Таких не существовало для тогдашнего художника, ему ничего подобного не надо было и не мерещилось, а когда иностранный живописец датчанин Эриксен, по европейским художественным привычкам, затевал писать кого-нибудь из русского «простого народа» и писал (впрочем, еще очень условно и манерно) «столетнюю царскосельскую крестьянку с ее семейством», у него не нашлось последователей и продолжателей. И так шло до самых тех пор, пока Орловский, Теребенев и Венецианов не стали пробовать, в начале XIX века (да и то еще сильно «от себя», бессовестно фальшивя против правды), рисовать русские низшие классы людей.

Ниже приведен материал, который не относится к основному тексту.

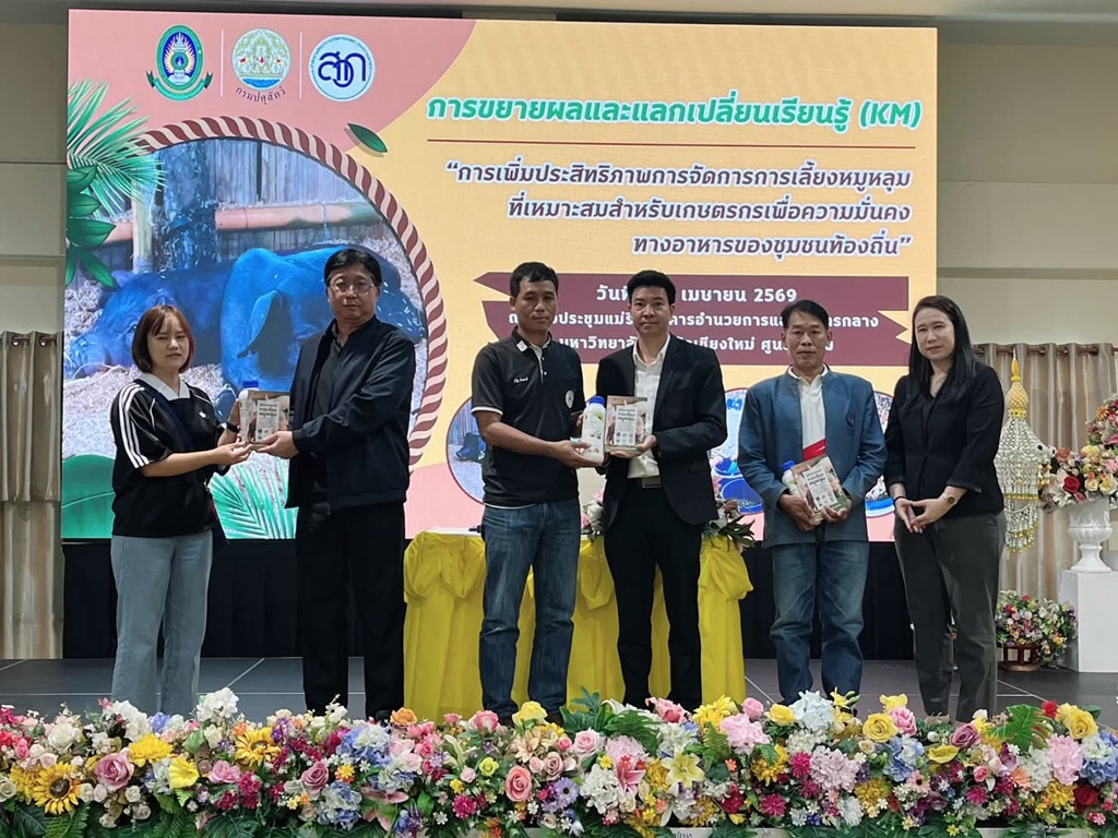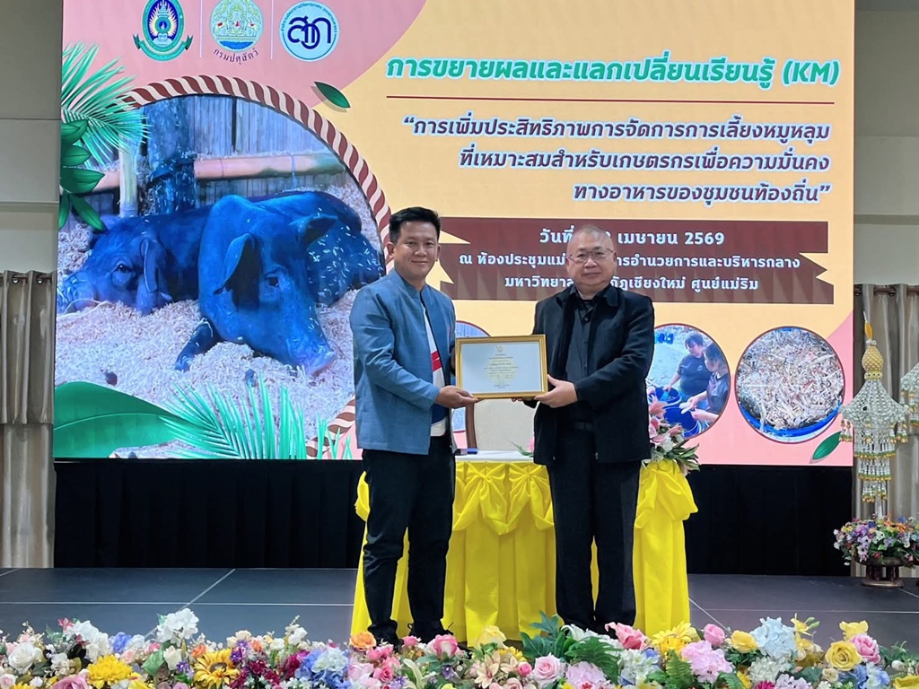 วันที่ 7 เมษายน 2569 เวลา 10.00 น. นายพืชผล น้อยนาฝาย ปศุสัตว์เขต 5 มอบหมายให้นางมณิชญา ประชุม ผู้อำนวยการส่วนมาตรฐานการปศุสัตว์ และนายพชร ศรีประสาท นายสัตวแพทย์ชำนาญการพิเศษ เข้าร่วมงานถ่ายทอดองค์ความรู้การเลี้ยงหมูหลุม พร้อมพิธีมอบใบรับรองฟาร์มมาตรฐานหมูหลุมแห่งแรกของจังหวัดเชียงใหม่ ภายใต้โครงการ “การเพิ่มประสิทธิภาพการจัดการการเลี้ยงหมูหลุมที่เหมาะสมสำหรับเกษตรกร เพื่อความมั่นคงทางอาหารของชุมชนท้องถิ่น” ณ ห้องประชุมอาคารอำนวยการและบริหารกลาง มหาวิทยาลัยราชภัฏเชียงใหม่ ศูนย์แม่ริม โดยการจัดโครงการในครั้งนี้ถือเป็นการบูรณาการร่วมกันระหว่างสถาบันการศึกษาและหน่วยงานภาครัฐ เพื่อผลักดันให้เกษตรกรผู้เลี้ยงหมูหลุม ให้มีความมั่นคงทางอาชีพ และสร้างแหล่งผลิตอาหารที่ปลอดภัยให้กับชุมชนท้องถิ่นอย่างยั่งยืนต่อไป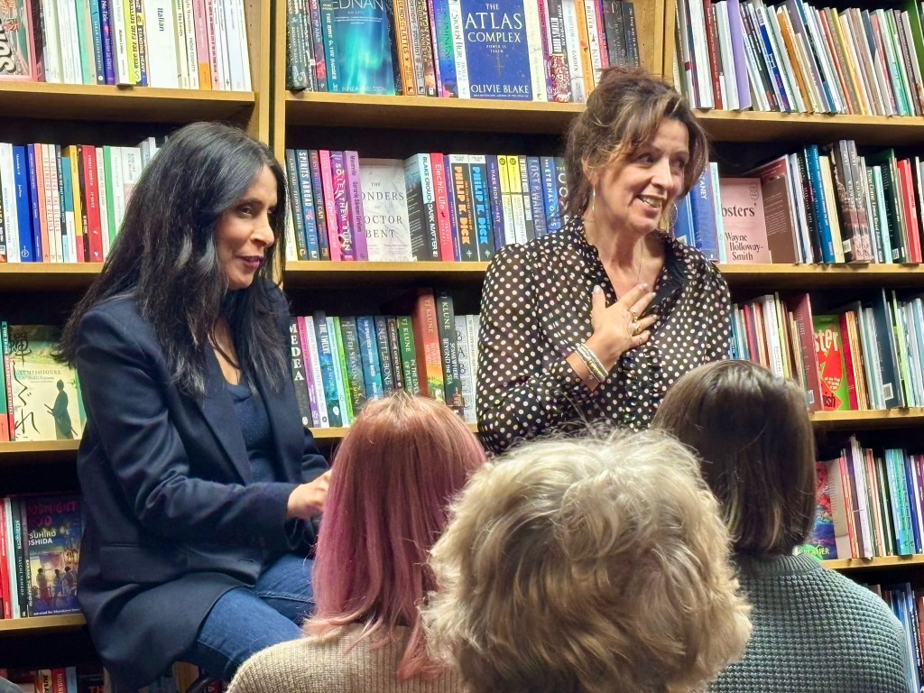 18 May 2022, Five Leaves Bookshop, Nottingham: Kim Slater and Helen Cooper, with Lotty McLean, Rebekah Hemmens and Abigail Cobley.

Обращение русского художника к настоящей правде и жизни, в том числе и в портрете, началось лишь со времени нарождения в русском искусстве той самой национальности, правдивости и оригинальности, которые уже давно раньше существовали в русской литературе.

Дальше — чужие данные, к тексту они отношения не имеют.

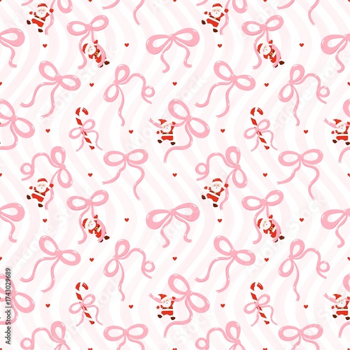 Coquette Christmas Pattern, Santa with Bows Seamless Festive Wallpaper Texture, Christmas Bows bakcground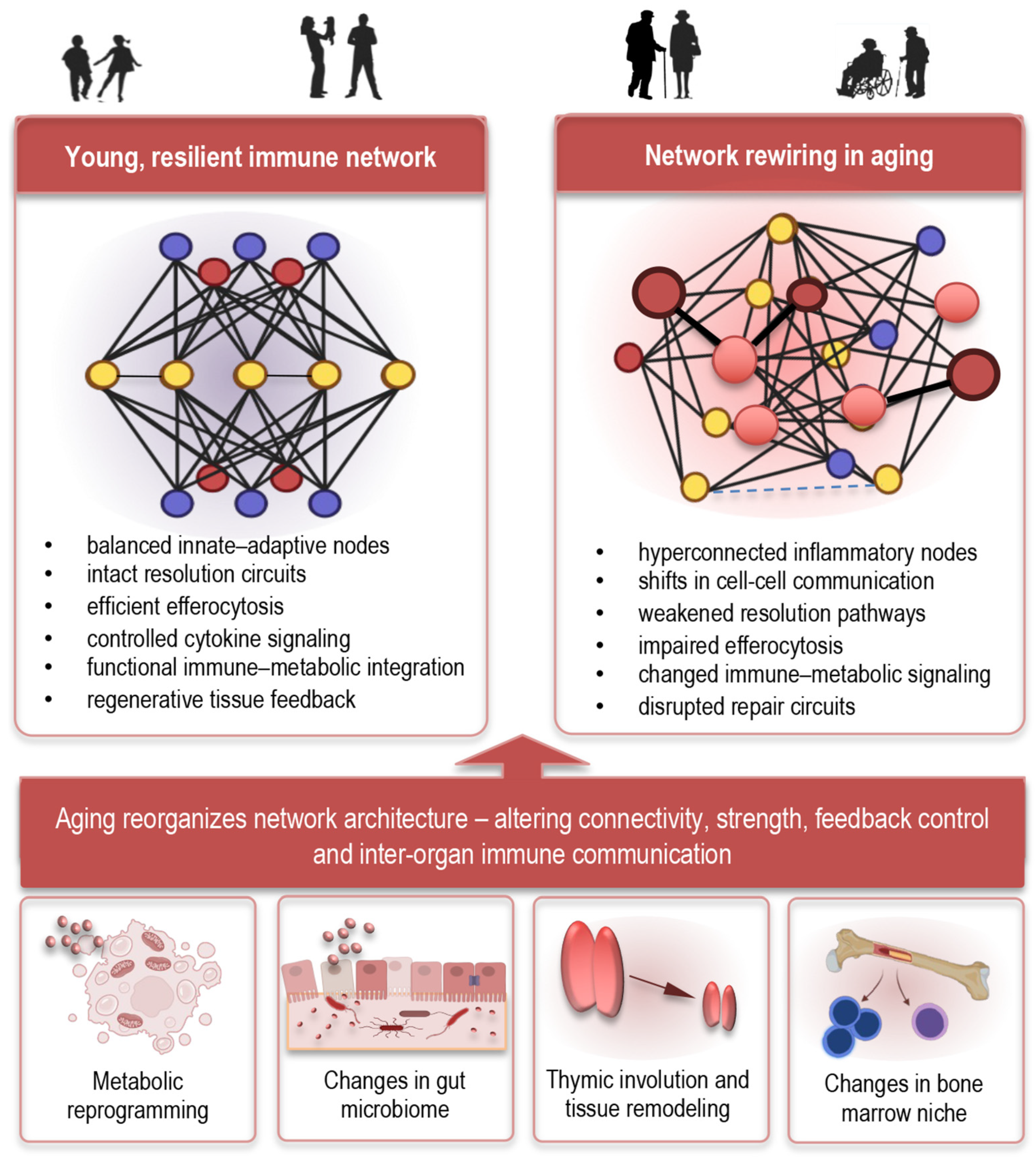 Network Rewiring in the Aging Immune System: From Chronic Inflammation to Age-Related Pathologies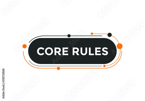 Core rules text button. Core rules speech bubble. Core rules sign icon.
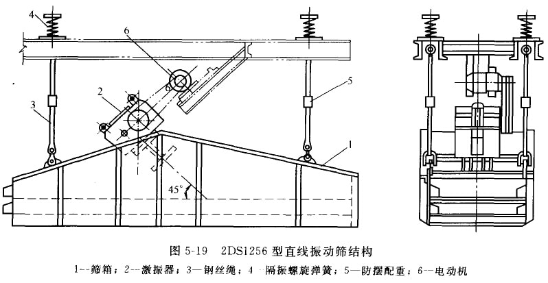 DS系列直線振動篩為吊掛式振動篩。海篩分機合中層篩面和雙層篩面兩種。圖5-19是2tDS1256型直線振動篩結構。它由雙層篩而的篩箱1、激振器2和械拄裝置組成。吊技裝置包括鋼絲繩3、隔振螺旋彈簧4和防擺配重5。傾斜裝設的激振器內電動機6通過皮帶傳動系統帶動,產生與篩面成45°的激振力。篩箱在激振力的作用下,做拋射角為帖。的往復直線運動。被篩物料從給料端加入,在篩面上跳躍的前進;篩下產物自下部排出,收集在篩下漏斗中;篩上產物從排料端排出。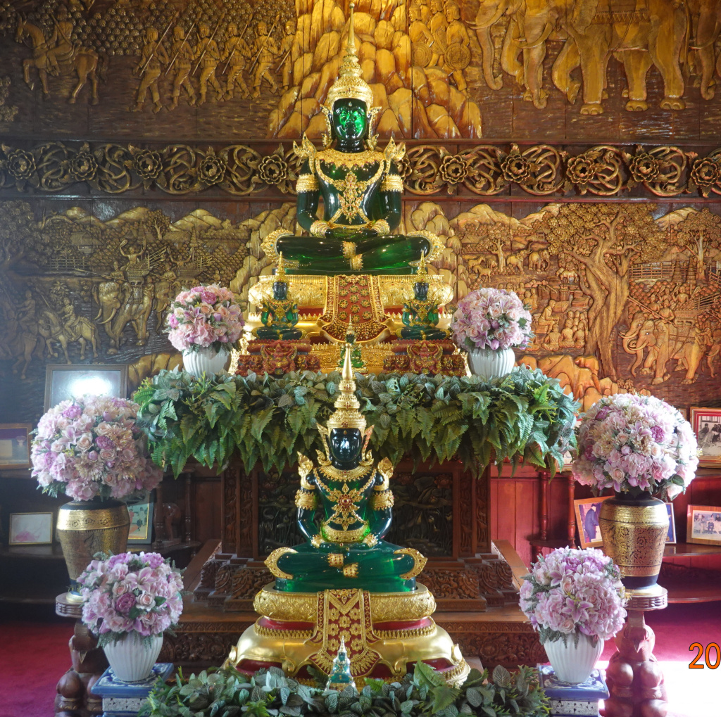 On the left is a replica of the “Emerald Buddha” which is in Bangkok at Wat Phra Kaew in the Grand Palace. On the right is the large teak Buddha – in this photo I am there as well, almost smiling as I try to get both me and the Buddha in the photo.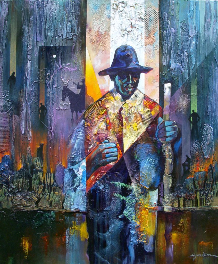 In deep blue and green tones, Jackson gives the often lost and forgotten a face and presence.  Jackson said about the faces that he created in these two portraits: “While a lot of my work is more abstract, with these I wanted to show the faces. They could be people of today. They look like the people I have known all my life.”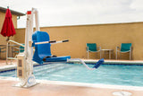 The AquaTram LT-2 pool lift with anchor by Pentair Paragon has a lifting capacity of 350 pounds. The ADA compliant AquaTram LT-2 is very affordable and is the perfect choice for pools with limited deck space. The LT-2 is non-rotating and has an ultra-compact design with low height. It has a low profile and small footprint using minimal deck space. Plus, it will fit through most doorways.The AquaTram LT-2 lifts are constructed of stainless steel and epoxy powder-coated for corrosion resistance. They have dual flip-up armrests for easy transfer and an adjustable, removable footrest. The blue seat is comfortable and includes an adjustable lap belt with hook and eye fastening.
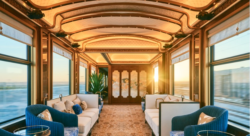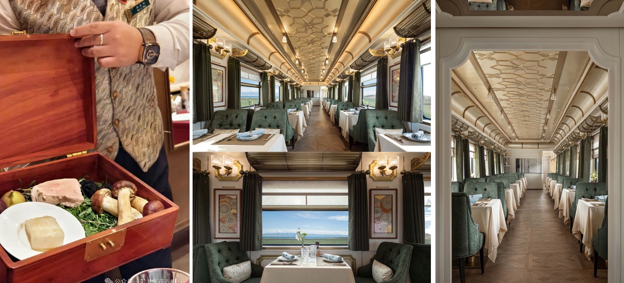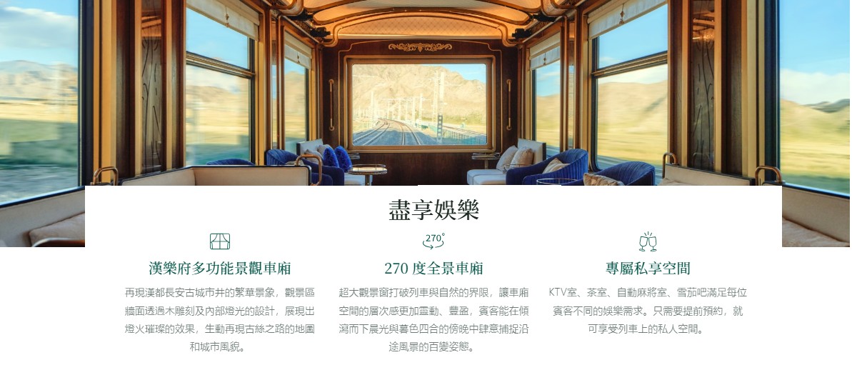 15 節車廂,構建出移動的博物館、流動的會客廳。 塔里木湖的湛藍、青海湖畔的金黃花海、敦煌戈壁的蒼茫,以無與倫比的視角撲面而來,成爲社交、品茗或獨享天地大美的至臻之地。 這不僅是觀景的窗口,更是融入天地、放空思緒的生活場域。

Прежде этого счастливого времени русское искусство, вообще, и русский портрет, в частности, были — напрасный пустоцвет, без корней, сорванный в Европе и пришпиленный для виду в петличку русского кафтана.
Кажется, несомненно, что чем дальше будет итти и роскошно развиваться самостоятельное русское искусство, тем более будет становиться ему излишне, чуждо и далеко балетное и маскарадное искусство прежних русских мастеров.
1905 г.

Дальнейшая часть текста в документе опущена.